▶ _RECORDS SHOWN_:

=-=-=

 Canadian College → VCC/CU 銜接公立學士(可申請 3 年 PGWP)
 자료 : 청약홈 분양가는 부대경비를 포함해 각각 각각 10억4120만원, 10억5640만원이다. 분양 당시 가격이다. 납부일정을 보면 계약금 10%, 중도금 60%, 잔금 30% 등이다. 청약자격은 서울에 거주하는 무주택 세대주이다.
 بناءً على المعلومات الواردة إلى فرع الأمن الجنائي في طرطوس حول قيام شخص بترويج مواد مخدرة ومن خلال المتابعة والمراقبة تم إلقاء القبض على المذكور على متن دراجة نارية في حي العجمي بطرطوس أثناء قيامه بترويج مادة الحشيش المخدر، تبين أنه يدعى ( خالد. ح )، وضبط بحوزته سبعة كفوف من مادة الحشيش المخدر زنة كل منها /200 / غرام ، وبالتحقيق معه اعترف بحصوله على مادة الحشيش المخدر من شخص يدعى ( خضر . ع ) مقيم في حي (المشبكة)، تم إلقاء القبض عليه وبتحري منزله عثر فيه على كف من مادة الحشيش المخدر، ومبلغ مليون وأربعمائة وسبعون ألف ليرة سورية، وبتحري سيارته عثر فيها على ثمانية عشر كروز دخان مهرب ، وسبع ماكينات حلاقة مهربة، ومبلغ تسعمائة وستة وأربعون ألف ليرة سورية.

=-=-=

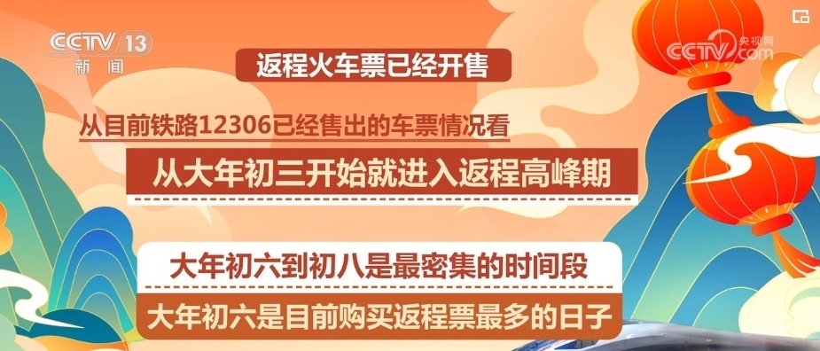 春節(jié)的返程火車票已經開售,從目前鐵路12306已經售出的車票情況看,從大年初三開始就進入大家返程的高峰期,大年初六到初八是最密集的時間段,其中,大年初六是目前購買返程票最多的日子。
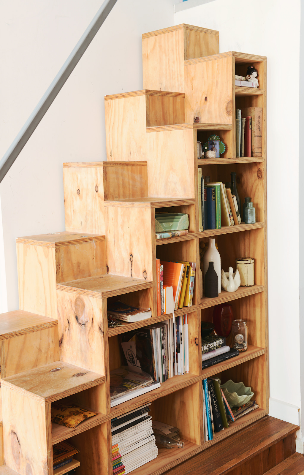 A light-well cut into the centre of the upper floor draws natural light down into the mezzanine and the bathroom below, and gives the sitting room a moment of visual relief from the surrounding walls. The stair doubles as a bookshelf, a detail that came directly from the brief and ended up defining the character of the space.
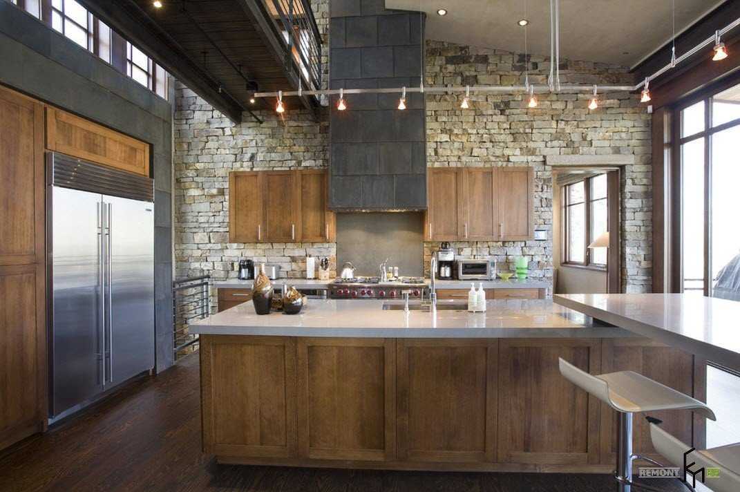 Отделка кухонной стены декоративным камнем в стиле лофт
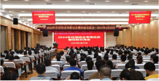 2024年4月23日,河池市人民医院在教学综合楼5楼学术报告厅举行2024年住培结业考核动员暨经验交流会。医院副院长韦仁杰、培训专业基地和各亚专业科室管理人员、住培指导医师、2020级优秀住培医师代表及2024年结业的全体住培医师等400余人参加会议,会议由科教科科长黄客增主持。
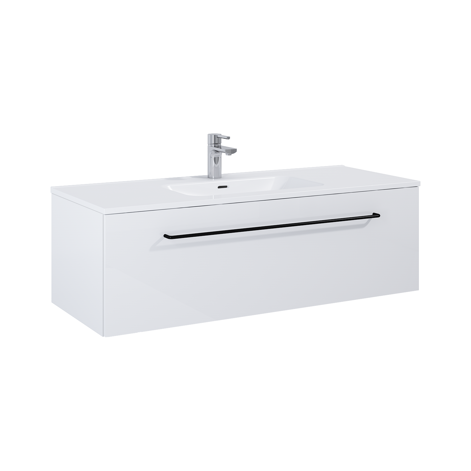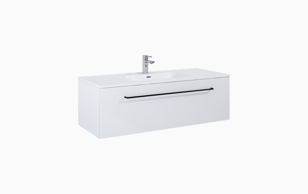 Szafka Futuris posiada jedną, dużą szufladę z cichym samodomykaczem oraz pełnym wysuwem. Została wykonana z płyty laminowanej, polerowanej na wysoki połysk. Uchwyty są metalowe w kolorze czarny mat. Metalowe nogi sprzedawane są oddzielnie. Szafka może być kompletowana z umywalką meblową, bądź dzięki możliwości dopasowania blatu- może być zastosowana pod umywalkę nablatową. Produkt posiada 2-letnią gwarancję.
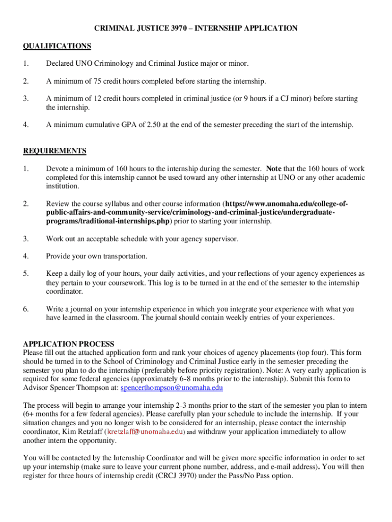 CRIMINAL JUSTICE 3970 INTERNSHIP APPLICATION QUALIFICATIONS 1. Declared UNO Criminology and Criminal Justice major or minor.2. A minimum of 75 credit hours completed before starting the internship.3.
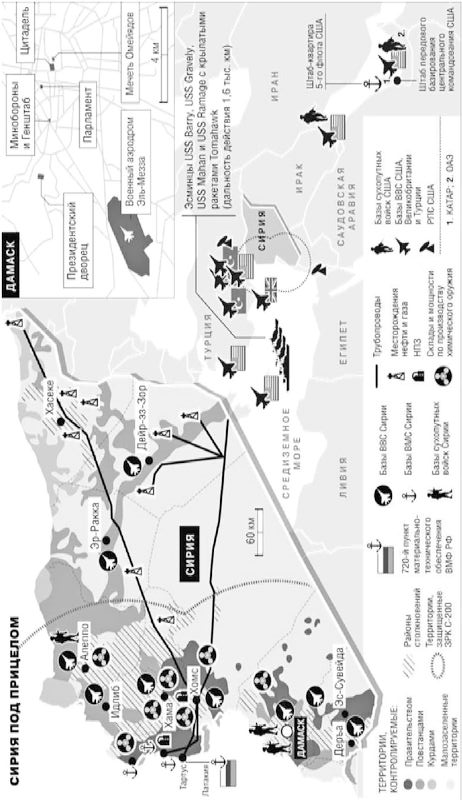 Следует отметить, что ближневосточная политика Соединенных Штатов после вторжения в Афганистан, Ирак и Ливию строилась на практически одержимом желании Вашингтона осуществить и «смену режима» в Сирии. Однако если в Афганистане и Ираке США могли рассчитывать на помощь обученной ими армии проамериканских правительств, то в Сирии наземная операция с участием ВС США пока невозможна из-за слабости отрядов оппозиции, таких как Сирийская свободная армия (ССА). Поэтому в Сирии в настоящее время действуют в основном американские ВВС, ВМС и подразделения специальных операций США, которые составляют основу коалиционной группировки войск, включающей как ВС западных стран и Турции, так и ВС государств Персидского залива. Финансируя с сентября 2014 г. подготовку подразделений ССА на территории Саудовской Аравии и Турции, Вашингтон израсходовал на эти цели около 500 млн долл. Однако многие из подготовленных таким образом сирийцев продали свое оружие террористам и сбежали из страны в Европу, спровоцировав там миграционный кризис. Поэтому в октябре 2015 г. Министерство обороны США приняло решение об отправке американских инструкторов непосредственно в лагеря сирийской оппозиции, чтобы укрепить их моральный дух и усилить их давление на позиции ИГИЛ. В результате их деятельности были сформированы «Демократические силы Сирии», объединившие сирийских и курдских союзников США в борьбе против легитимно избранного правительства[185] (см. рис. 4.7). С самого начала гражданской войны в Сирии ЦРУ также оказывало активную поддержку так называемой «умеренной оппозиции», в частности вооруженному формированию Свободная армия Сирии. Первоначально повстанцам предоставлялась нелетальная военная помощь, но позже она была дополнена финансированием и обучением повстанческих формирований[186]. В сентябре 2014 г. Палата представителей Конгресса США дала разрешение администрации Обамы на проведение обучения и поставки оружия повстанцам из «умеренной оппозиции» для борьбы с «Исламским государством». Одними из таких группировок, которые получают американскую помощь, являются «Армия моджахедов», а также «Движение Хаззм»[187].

=-=-=

▶ _WHAT NEEDS TO BE DONE_: Above is a listing; print exactly its lines from the one with "자료 : 청약홈 분양가는" through the one with "بناءً على المعلومات", and no other lines.

▶ _YOUR SOLUTION_:
 자료 : 청약홈 분양가는 부대경비를 포함해 각각 각각 10억4120만원, 10억5640만원이다. 분양 당시 가격이다. 납부일정을 보면 계약금 10%, 중도금 60%, 잔금 30% 등이다. 청약자격은 서울에 거주하는 무주택 세대주이다.
 بناءً على المعلومات الواردة إلى فرع الأمن الجنائي في طرطوس حول قيام شخص بترويج مواد مخدرة ومن خلال المتابعة والمراقبة تم إلقاء القبض على المذكور على متن دراجة نارية في حي العجمي بطرطوس أثناء قيامه بترويج مادة الحشيش المخدر، تبين أنه يدعى ( خالد. ح )، وضبط بحوزته سبعة كفوف من مادة الحشيش المخدر زنة كل منها /200 / غرام ، وبالتحقيق معه اعترف بحصوله على مادة الحشيش المخدر من شخص يدعى ( خضر . ع ) مقيم في حي (المشبكة)، تم إلقاء القبض عليه وبتحري منزله عثر فيه على كف من مادة الحشيش المخدر، ومبلغ مليون وأربعمائة وسبعون ألف ليرة سورية، وبتحري سيارته عثر فيها على ثمانية عشر كروز دخان مهرب ، وسبع ماكينات حلاقة مهربة، ومبلغ تسعمائة وستة وأربعون ألف ليرة سورية.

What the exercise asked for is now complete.